Yasuhisa Shioda (Japanese: 塩田泰久 born 15 November 1952) is the third Sōke of Yoshinkan aikido, succeeding his brother, Tetsutaro Shioda, in keeping with the iemoto tradition in Japanese martial arts. Their father, Gozo Shioda, founded Yoshinkan aikido. He was Kancho of the headquarters dojo in Shinjuku, Tokyo and headed both the All Japan Yoshinkan Aikido Federation and the International Yoshinkai Aikido Federation until he left the organization in 2012. In 2014 he founded the SIAF together with his son Masahiro Shioda.

He graduated from the economics faculty of Chuo University and lived in England for 3 years. He actively teaches aikido in Japan, through published books and travels throughout the world.

==Early life and career==

Yasuhisa Shioda started practising Aikido at the age of 13, training every day. He graduated in 1971 from the Economics Department of Chuo University in Tokyo. As a member of the Yoshinkan Aikido Dojo he continued to undergo aikido training with his father, the founder of Yoshinkan Gozo Shioda Sensei, and spread aikido by teaching it in universities, and to police departments, and various other organizations. From 1980 he spent three years in England, and helped establish the basis for the spread of aikido overseas. After returning to Japan he concentrated on teaching young people, especially nursery school children, originating a unique instruction method that encouraged them to develop their character through the practice of aikido. He also teaches at community centers.

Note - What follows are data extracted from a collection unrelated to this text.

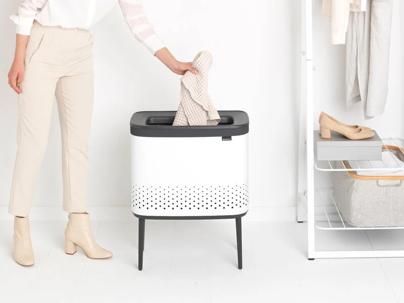 Suorakulmaisen muotonsa ansiosta Bo Laundry Bin asettuu tiiviisti esimerkiksi seinää vasten, ja sen pohjaan on asetettu lattiaa suojaavat liukuesteet, jotka pitävät pyykkikorin tukevasti paikoillaan. Säädettävät jalat antavat Bo Laundry Bin -pyykkikorille ilmavan luonteen ja käytännöllisen korkeuden. Pyykkikori on koristeltu rei’itetyllä kuvioinnilla, jolla on myös käytännön funktio: pienten aukkojen avulla ilma pääsee kiertämään umpinaisen korin sisällä.
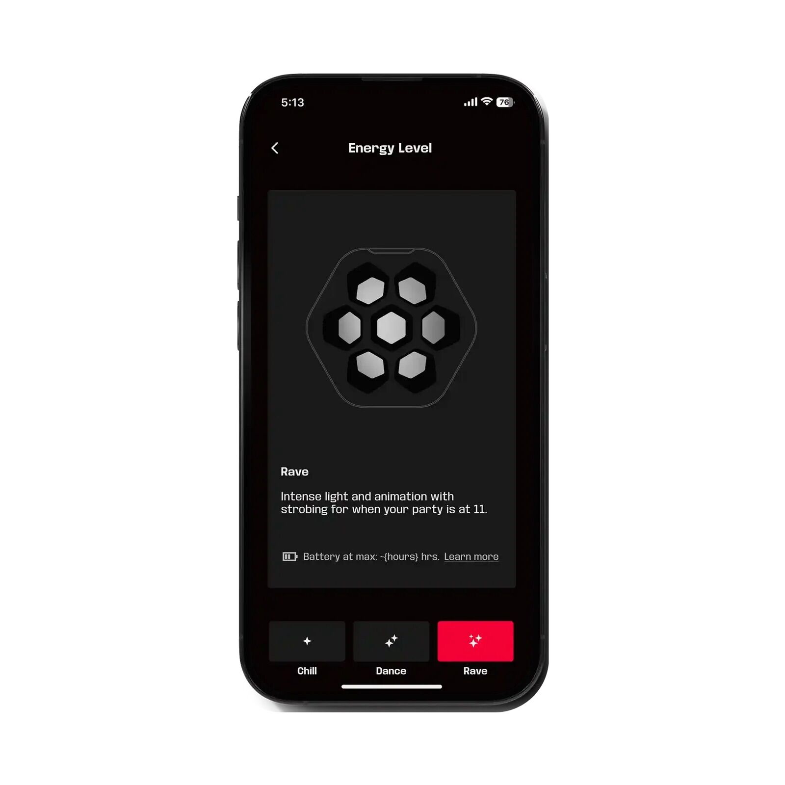 - Akkulaufzeit: 13+ Stunden bei maximaler Helligkeit und Energiestufe 3 (Rave), 10+ Stunden bei 60 % Helligkeit und Energiestufe 2 (Dance)
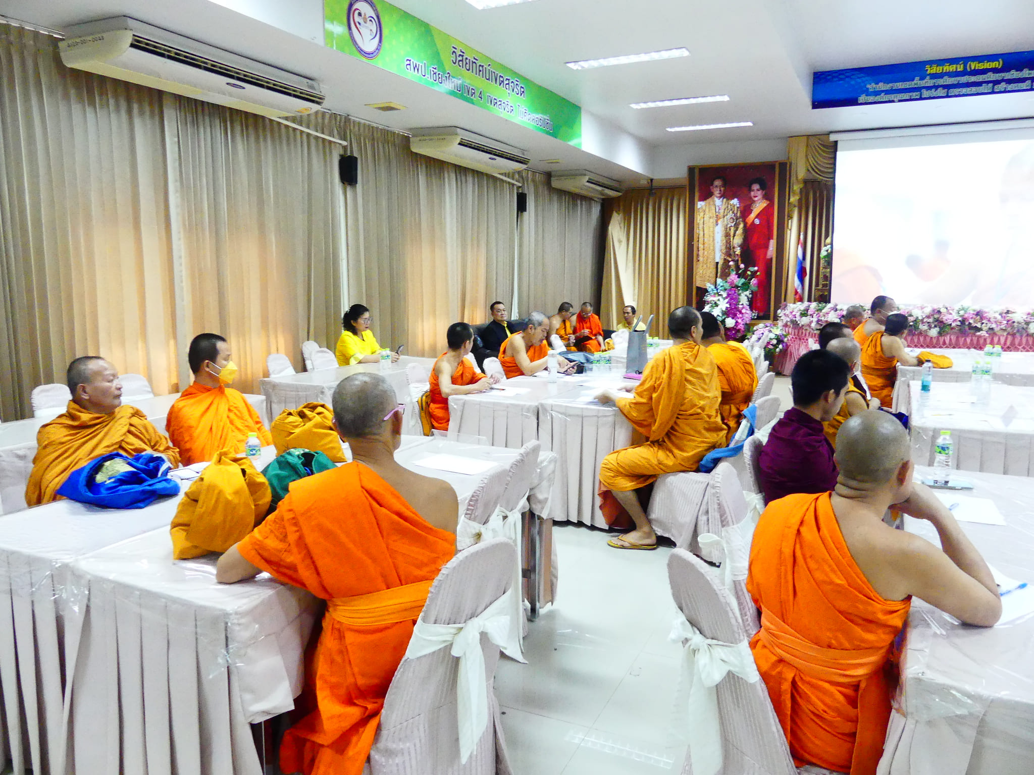 วันที่ 17 มิถุนายน 2567 พระครูสิริรบรมธาตุพิทักษ์ , ผู้ช่วยศาตราจารย์ ดร.รองอธิการบดีวิทยาเขตเชียงใหม่ เป็นประธานการอบรมเชิงปฏิบัติการพัฒนาสมรรถนะการจัดการเรียนรู้ Active Learning ด้วยกระบวนการโครงงานคุณธรรมประจำสถานศึกษา โดยความร่วมมือระหว่างสำนักงานเขตพื้นที่การศึกษาประถมศึกษาเชียงใหม่ เขต 4 กับมหาวิทยาลัยมหาจุฬาลงกรณ์ราชวิทยาลัย และคณะสงฆ์จังหวัดเชียงใหม่ มีดร.ชาญชิต ทัพหมี ผู้อำนวยการ สพป.เชียงใหม่ เขต 4 เป็นผู้กล่าวรายงาน โดยมีผู้บริหารสถานศึกษา คณะครู เจ้าหน้าที่ และพระสอนศีลธรรมในโรงเรียนเขตพื้นที่การศึกษาประถมศึกษาเชียงใหม่ เขต 4 เข้าร่วมประชุม ณ ห้องประชุม สันป่าตอง สพป.เชียงใหม่ เขต 4
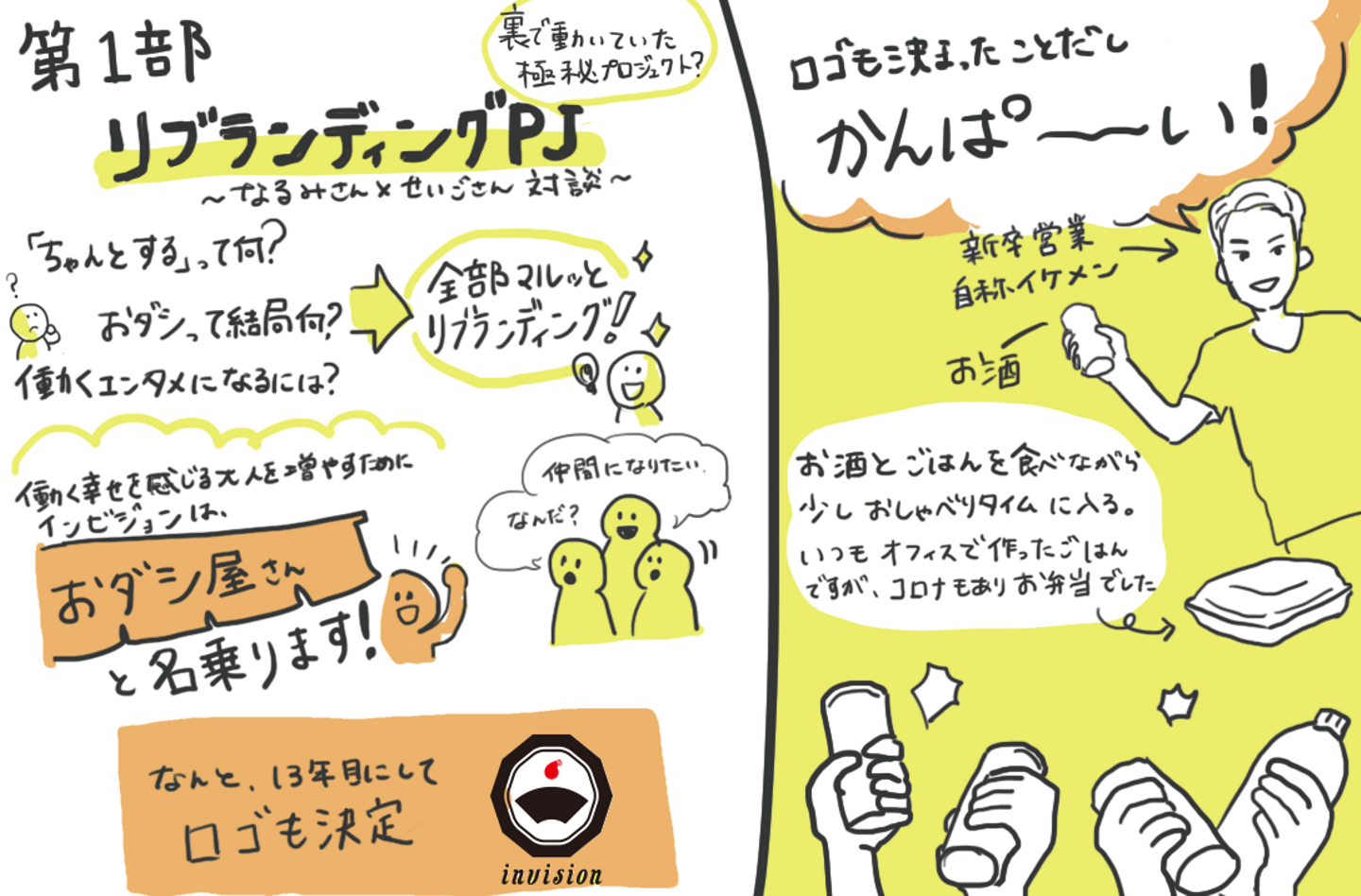 なぜ・どうやっておダシ屋になったのか等の詳細は、リブランディングのグラレコを見てください~~。
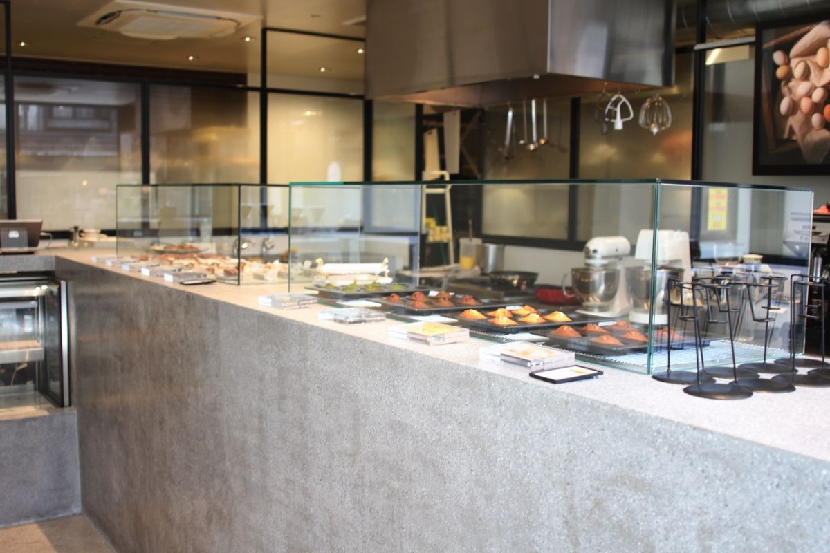 モノトーンのシックな外観同様、店内もスタイリッシュな雰囲気。ショーケースには、フィナンシェやタルトなどの焼き菓子が並んでいます。
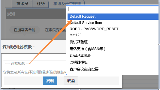 通过在动作菜单中的复制规则,可以将一个模板中一个或多个规则复制到其它模板中。复制规则时,如果其它模板中不存在规则中定义的字段,则该字段将不会被复制。同样地,如果在复制规则时,可以匹配条件/动作可以复制,则该规则也不会被复制。
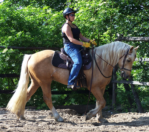 Frau Wallbrecher aus Hemer hat uns nun Fotos von dem bei uns gekauften Palominowallach Paith geschickt - Sie ist sehr zufrieden und wir auch. Er macht sich toll bei der Arbeit . Danke für das schöne Foto
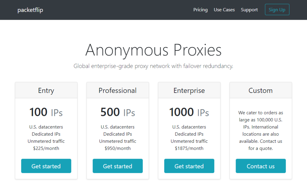 Packetflip, dünya çapında proxy kullanıcılarına ABD özel proxy'leri sunan meşru bir proxy sağlayıcısı gibi görünmektedir. Sağlayıcı hakkında çok sayıda inceleme bulamadık olsa da, onun şey meşru görünmektedir.
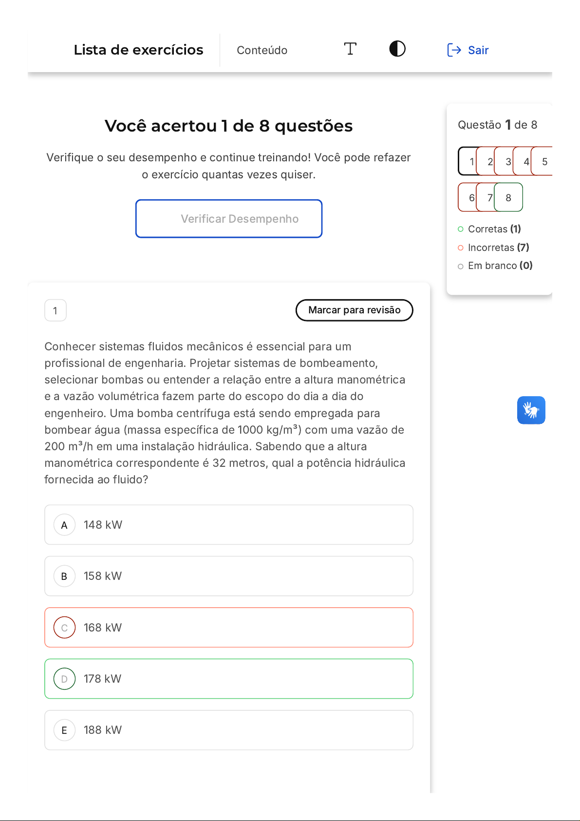 Você acertou 1 de 8 questões Verifique o seu desempenho e continue treinando! Você pode refazer o exercício quantas vezes quiser. Verificar Desempenho A B C D E 1 Marcar para revisão Conhecer sistemas fluidos mecânicos é essencial para um profissional de engenharia. Projetar sistemas de bombeamento, selecionar bombas ou entender a relação entre a altura manométrica e a vazão volumétrica fazem parte do escopo do dia a dia do engenheiro. Uma bomba centrífuga está sendo empregada para bombear água (massa específica de 1000 kg/m³) com uma vazão de 200 m³/h em uma instalação hidráulica. Sabendo que a altura manométrica correspondente é 32 metros, qual a potência hidráulica fornecida ao fluido? 148 kW 158 kW 168 kW 178 kW 188 kW Questão 1 de 8 Corretas (1) Incorretas (7) Em branco (0) 1 2 3 4 5 6 7 8 Lista de exercícios Conteúdo Sair A B C D E Resposta incorreta Opa! A alternativa correta é a letra D. Confira o gabarito comentado! Gabarito Comentado A potência hidráulica é calculada por: Assumindo a aceleração local da gravidade como 10 m/s² e substituindo os valores numéricos na equação A, temos que: 2 Marcar para revisão Conhecer sistemas fluidos mecânicos é essencial para um profissional de engenharia. Projetar sistemas de bombeamento, selecionar bombas ou entender a relação entre a altura manométrica e a vazão volumétrica fazem parte do escopo do dia a dia do engenheiro. Uma bomba centrífuga possui a seguinte curva característica: com H em metros e Q em metros cúbicos por segundo. Se para um determinado sistema ela fornece uma altura manométrica de 50 metros, qual a vazão volumétrica na descarga? 0,09 m³/s 0,10 m³/s 0,11 m³/s 0,12 m³/s 0,13 m³/s A B C Resposta incorreta Opa! A alternativa correta é a letra E. Confira o gabarito comentado! Gabarito Comentado A vazão volumétrica na descarga é calculada isolando o termo Q na equação característica: Como a raiz negativa não é fisicamente possível, tomamos como resposta a raiz positiva, logo, a vazão é igual a 0,13 m³/s. 3 Marcar para revisão Conhecer sistemas fluidos mecânicos é essencial para um profissional de engenharia. Projetar sistemas de bombeamento, selecionar bombas ou entender a relação entre a altura manométrica e a vazão volumétrica fazem parte do escopo do dia a dia do engenheiro. Em uma indústria de armazenamento de granéis líquidos, um engenheiro selecionou uma bomba para escoar 1000 m³/h um combustível de um tanque para o outro, com uma cota entre os níveis de líquido de 35 metros. Sabendo que ambos os tanques estão na pressão atmosférica e com nível constante, e com perda de carga total na sucção e descarga de 5,5 metros, a altura manométrica real dessa bomba é: 39,5m 40,5m 41,5m D E A B C 42,5m 43,5m Resposta incorreta Opa! A alternativa correta é a letra B. Confira o gabarito comentado! Gabarito Comentado A altura manométrica real da bomba é calculada por: 4 Marcar para revisão Conhecer sistemas fluidos mecânicos é essencial para um profissional de engenharia. Projetar sistemas de bombeamento, selecionar bombas ou entender a relação entre a altura manométrica e a vazão volumétrica fazem parte do escopo do dia a dia do engenheiro. Uma bomba centrífuga contendo um rotor semiaberto opera com uma rotação de 1000 rpm e uma altura manométrica de 4 metros. O expoente da lei da afinidade para esse rotor é de 2,68. Se a rotação for aumentada para 1800 rpm, a nova altura manométrica é: 11,3 m 13,3 m 15,3 m D E A B 17,3 m 19,3 m Resposta incorreta Opa! A alternativa correta é a letra E. Confira o gabarito comentado! Gabarito Comentado Na condição descrita no enunciado para rotores semiabertos, temos a seguinte relação para a altura manométrica: Substituindo os valores numéricos: 5 Marcar para revisão Conhecer sistemas fluidos mecânicos é essencial para um profissional de engenharia. Projetar sistemas de bombeamento, selecionar bombas ou entender a relação entre a altura manométrica e a vazão volumétrica fazem parte do escopo do dia a dia do engenheiro. Uma instalação possui a seguinte curva do sistema: , com H em metros e Q em m³/s. Uma bomba centrífuga deve ser colocada nesse sistema e fornecer uma vazão de 5 m³/s. O engenheiro responsável escolheu uma bomba no almoxarifado e verificou que ela pode fornecer a vazão desejada. Porém, nessas condições, qual a altura manométrica H que a bomba irá fornecer? 40 m 50 m C D E 60 m 70 m 80 m Resposta incorreta Opa! A alternativa correta é a letra A. Confira o gabarito comentado! Gabarito Comentado A altura manométrica, que é a energia que a bomba fornece ao fluido por unidade de peso, é determinada substituindo a vazão Q na equação da curva do sistema. Neste caso, a vazão desejada é de 5 m³/s. Substituindo esse valor na equação, obtemos a altura manométrica H que a bomba irá fornecer. A equação utilizada é a seguinte: Portanto, a altura manométrica fornecida pela bomba é de 40 metros, o que corresponde à alternativa A. 6 Marcar para revisão Conhecer sistemas fluidos mecânicos é essencial para um profissional de engenharia. Projetar sistemas de bombeamento, selecionar bombas ou entender a relação entre a altura manométrica e a vazão volumétrica fazem parte do escopo do dia a dia do engenheiro. Um sistema possui duas bombas centrífugas diferentes associadas em série. A potência hidráulica total fornecida pelo sistema é de 500 kW e a vazão volumétrica é de 0,052 m³/s. O fluido possui massa específica de 1200 kg/m³. Se a altura manométrica da bomba 1 é de 250 metros, a altura manométrica da bomba 2 será? A B C D E 551,28 m 561,28 m 571,28 m 581,28 m 591,28 m Resposta incorreta Opa! A alternativa correta é a letra A. Confira o gabarito comentado! Gabarito Comentado A potência hidráulica total fornecida pelas duas bombas ao fluido é calculada por: Substituindo os valores numéricos na equação A. Importante: lemb
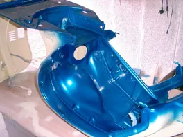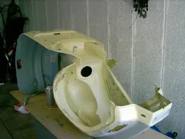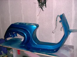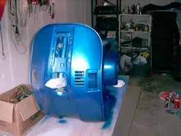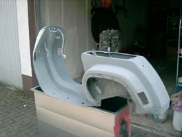 Der Rahmen ist jetzt soweit fertig, muß nur noch poliert werden und dann der Kantenschutz dran. Hab dann heute die Lüfterradabdeckung und das Handschuhfach lackiert und noch ein paar Kleinteile gesäubert. Morgen wird dann (hoffentlich) "geheiratet".
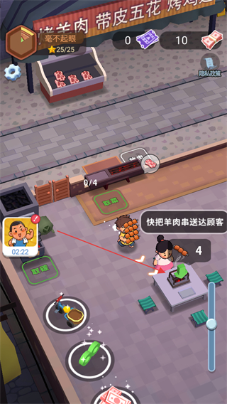 2、站到烤架旁开始烤串,点击加速按钮提升烤串速度,满足顾客4串的需求。
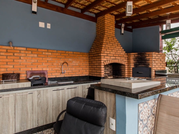 3 salas: Lareira, Jantar, Estar, Home Theater com uma varanda incrível – vista livre para o verde
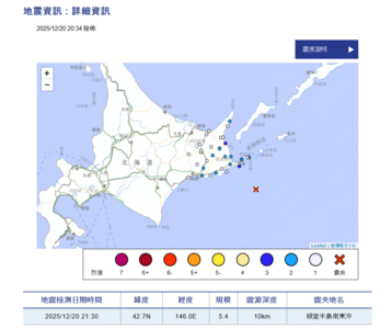 日本青森縣東方外海8日深夜發生規模7.6強震後餘震不斷。根據日本氣象廳測報資料,青森東方外海10日深夜10點56分發生規模5.9點地震,最大震度4級,也是自7.6強震發生後,當地發生的第23場地震。詳全文>>
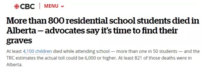 根据加拿大政府的记录,约有4100名原住民儿童死在寄宿学校里,而“真相与和解委员会”的统计显示,实际的死亡人数超过了6000人甚至更多。
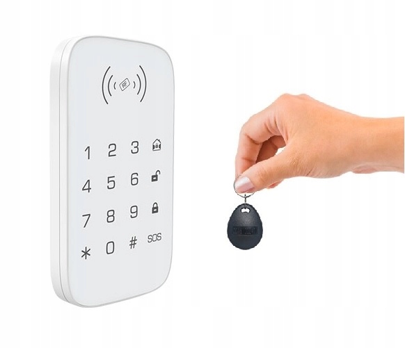 Klawiatura posiada też czytnik kart RFID, więc wystarczy przystawić pastylkę aby rozbroić centralkę alarmu.
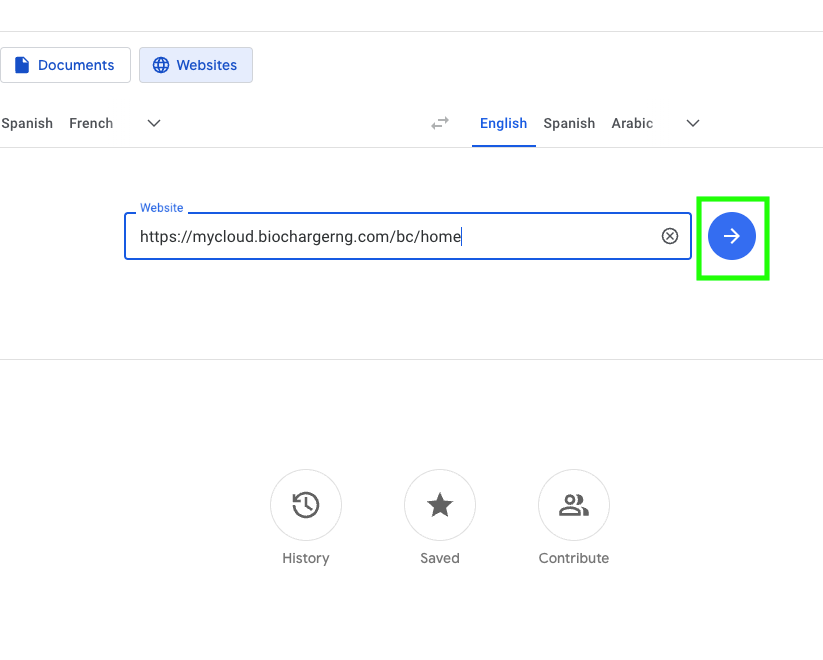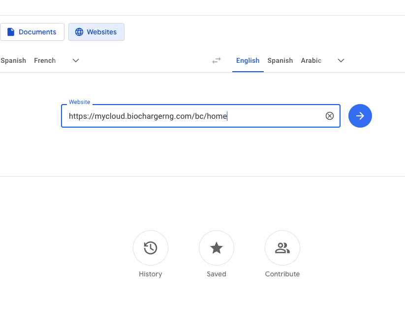 - Copy and paste the URL into the field, then click or tap the blue arrow icon. View your translated web page.
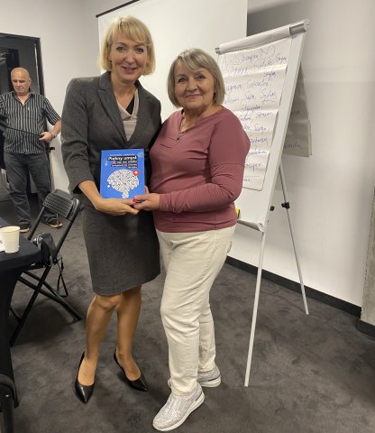 Dziękujemy serdecznie Pani Katarzynie Dettlaff-Lubiejewskiej prowadzącej warsztat, która na co dzień kieruje Biblioteką Babie Lato w Gdańsku i specjalizuje się w zajęciach treningu mózgu oraz biblioterapii w szczególności dla osób starszych.
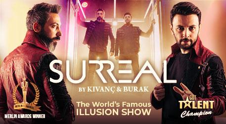 “MERLIN” and “GOT TALENT THE CHAMPIONS” awards winners, worlds famous illusionists Kıvanç and Burak are on stage with their extraordinary show “SURREAL” waiting to meet the audience.
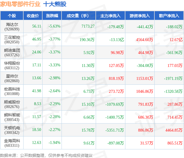 个股表现方面,家电零部件行业当日领跌股为海达尔(920699),该股当日报收56.11,下跌5.63%,成交量7173.0,主力资金净流出179.48万元。三花智控(002050)以下跌3.77%紧随其后,该股当日成交量190.36万,主力资金净流出13.13亿元。除此之外,朗迪集团(603726)、华翔股份(603112)、星帅尔(002860)均进入当日熊股之列。具体个股列表见下表:
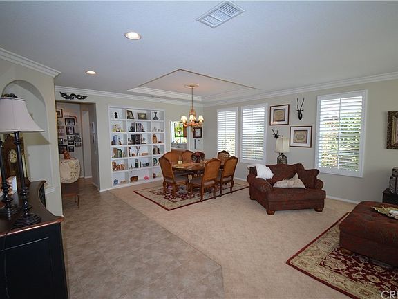 Wonderful one story entertainers delight located on CUL DE SAC with a large yard. NO MELO ROOS! This home has a large living room with lots of windows. The kitchen/family room combo makes this a prime choice. Kitchen with island and lots of counters space. Family room with fireplace and wall of windows looking to back yard. Terrific master bedroom/bath. Sliding glass doors to the back yard. The bath features a tub, dual sinks, and a walk-in closet. Inside laundry. The park-like back yard is fabulous with a huge patio cover and a built-in BBQ 2 car garage with extra storage. This home also features crown molding, custom shutters, built-in cabinets, and much more. Association includes pools and spa
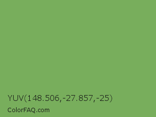 YUV 148.506,-27.857,-25 Color is a normal green color and the nearest color is Bud Green #7bb661. Hex code #78ae5c and RGB value is rgb(120,174,92). In RGB color space, this color is composed of 47% red, 68% green, 36% blue, In CMYK color space, this color is composed of 31% cyan, 0% magenta, 47% yellow , 32% black , In HSL color space, this color has a hue angle of 100° , 34% saturation and 52% lightness.

After Gozo Shioda's death in 1994, in order to spread his father's legacy throughout the world, he has been teaching aikido and has also become an author. In 2007, he became the new Yoshinkan Kancho, and also the Third Soke of Yoshinkan Aikido. These days he trained different students in different age in Dojo that is near from Takadanobaba Station with Other Professional Sensei(Teacher) like Takafumi Takeno (9th DAN), Tsuneo Ando (8th DAN), Takehiko Sonoda (8th DAN), Jacques Payet (8th DAN), Susumu Chino (7th DAN), Takayuki Oyamada (7th DAN), etc. In 2012 he left the Yoshinkan organisation, in 2014 he founded his own organization, Shioda International Aikido Federation (SIAF), which so far consists of him and his son Masahiro, offering classes twice per week.